主题综述

模型表现触顶了吗 · Performance Plateau

主题综述

更新日志

2026-07-16 — 引用忠实度修复（全站审计）：1 处——重引 1 条（Jack Morris「记忆容量 plateau」由 podwise 摘要句替换为逐字原话）。
2026-07-16 — 新增 2 篇（Noam Brown、Mark Chen，均为 OpenAI 研究内部人）。新开阵营 F「plateau 是尺子的问题」：Noam Brown 给出机制——能力已是推理预算的函数，而基准网格不控制 test-time compute，纸面增量系统性缩水（AISI 1 亿 token 仍在提升、「没人知道能力上限」）；Mark Chen 以「评估危机／基准全面饱和」从评估生产侧呼应。主流共识第一条（pre-training 回报变缓）出现语料里第一个正面异议（Mark Chen：10 个数量级未破、pre-training 被低估），阵营 B 加入 Mark Chen 并与 Joelle 的重定义式看多对照。「都没说透的」第一条标记为被 Noam 部分回应，新增测量派利益结构、小预算外推性两个缺口；「还想知道什么」新增网格均衡是否被打破、两个带时间戳的可核销预测等跟踪项。「我的看法」更新：吸收测量假象机制，同时对两位发言者的 OpenAI 立场打了折价。
2026-06-11 — 取材升级为逐字稿全文。把 podwise 摘要层的三手转述换成原话：Christina Kim 的"前端是另一个级别 / RL 很 data-efficient"、Joelle 的"我仍非常看多 RL，但别指望开箱即用的 RL 给出 AGI"、Ari 的"Kaplan/Chinchilla 都假设 IID 数据，这太离谱"都换成逐字。Vibe Check（英文原音、仅存中文）和 Zelikman 的 EQ 几条改为转述。
2026-05-20 — 首次综述。基于 9 篇访谈（OpenAI GPT-5 团队 Isa Fulford / Christina Kim、AI Vibe Check panel、Harvey Winston Weinberg、Brad Lightcap、Cohere Joelle Pineau、Jack Morris、Ari Morcos / Datology、Eric Zelikman / humans&、a16z Casado&Wang）。

主流共识

第一点：pre-training 这一条轴的回报在变缓——几乎所有人，包括"看多"派，都接受这一点。

AI Vibe Check 的几位研究者认为：简单地往模型里塞更多数据，回报正在递减；与其无限砸资本，不如聚焦样本效率（sample efficiency）。（该集英文原音、podwise 仅存中文，故转述。）

收益递减是固有的，因为模型的智能与用于训练它的计算量呈对数线性关系，这意味着你必须以指数方式增加计算量才能获得智能的每次增量。
— Bob McGrew (former OpenAI) · 见姊妹主题 inference-economics

2026-07 更新：这条"接近事实"的共识第一次出现了正面异议。Mark Chen（OpenAI 首席研究官）不接受"回报变缓"的叙事框架本身：

"I think pre-training is definitely not dead. It's underrated."
「我认为预训练绝对没有死。它被低估了。」
Mark Chen · Cooking with OpenAI’s Research Chief

注意他反对的不是对数线性的数学（访谈里他没有正面处理这个问题），而是"瓶颈会真的挡住 scaling"这个推论——完整论证见阵营 B。

第二点：capability 的瓶颈正在远离"模型本身"，开始向部署/使用侧迁移。即使最看好的模型公司也承认这点。

"99% of people get to use bad tools or don't have any tools at all."
「99% 的人用的是糟糕的工具，或者根本没工具。

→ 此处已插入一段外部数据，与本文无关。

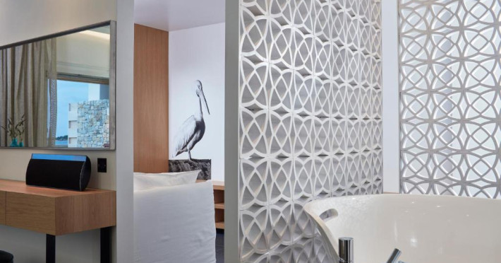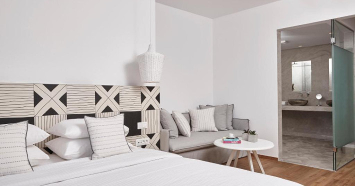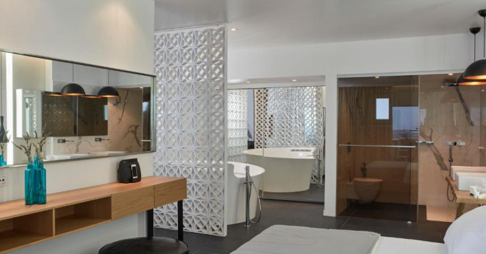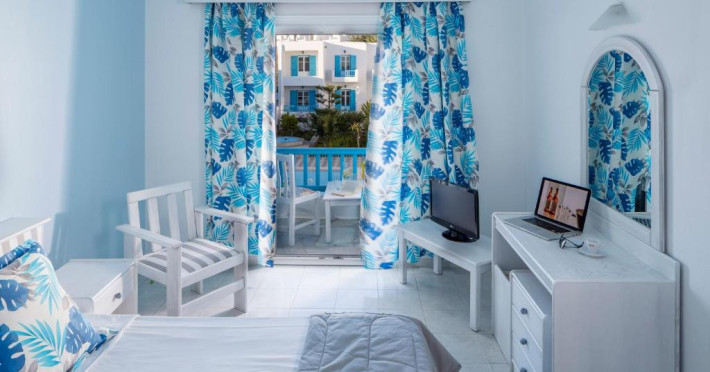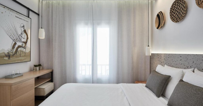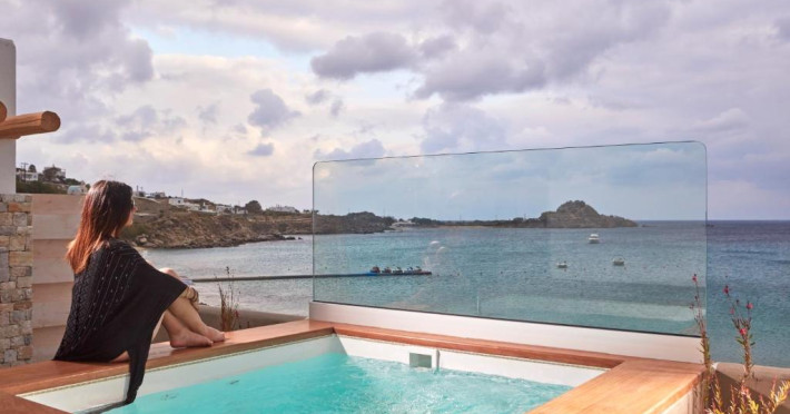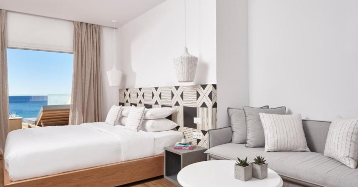 Kosmoplaz este o proprietate de 4 stele situată în Platis Gialos (Mykonos) care oferă camere cu vedere la mare, un restaurant, o piscină în aer liber și o terasă cu șezlonguri și umbrele de soare. Facilitățile de la Kosmoplaz includ și sală de fitness. Proprietatea are, de asemenea, servicii de recepție cu program non - stop, concierge și închirieri auto. Se oferă acces gratuit la internet Wi-fi în spațiile publice. Parcarea este disponibilă la proprietate gratuit.

」
Brad Lightcap (OpenAI) · Uncapped #46 Brad Lightcap from OpenAI

"We're so far from just the ability of the models right now being integrated into daily life. People do not know how to use these systems."
「我们离把模型现有的能力真正整合进日常生活还差得很远。人们根本不知道怎么用这些系统。」
Winston Weinberg (Harvey) · 20VC: How Model Performance is Plateauing

第三点：新增量正在出现在 reasoning / post-training / data-quality 等非"参数 + 算力"的轴上——但各家押不同的子轴。

分歧在哪

阵营 A · "pre-training 平台期是真的"——Harvey / Vibe Check panel 立场

Winston Weinberg (Harvey) 把"plateauing"明确写进了播客标题——但他的论证更微妙，他强调的不是"capability 没涨"，而是部署侧已经赶不上，所以应用层公司的现实约束已经不在模型升级：

"We're so far from just the ability of the models right now being integrated into daily life."
「我们离把模型现有能力整合到日常生活，还差得很远。」
Winston Weinberg · 20VC: How Model Performance is Plateauing

Vibe Check panel 给的是更技术化的"plateau"——但他们也加了重要限定：

他们还有一个更技术化的观察（同为转述）：RL 能不能成功，取决于落进一个"适度区"——模型已经懂得够多、能做出合理猜测，但又还没强到能直接解决任务；太难或太易，RL 都吃不到信号。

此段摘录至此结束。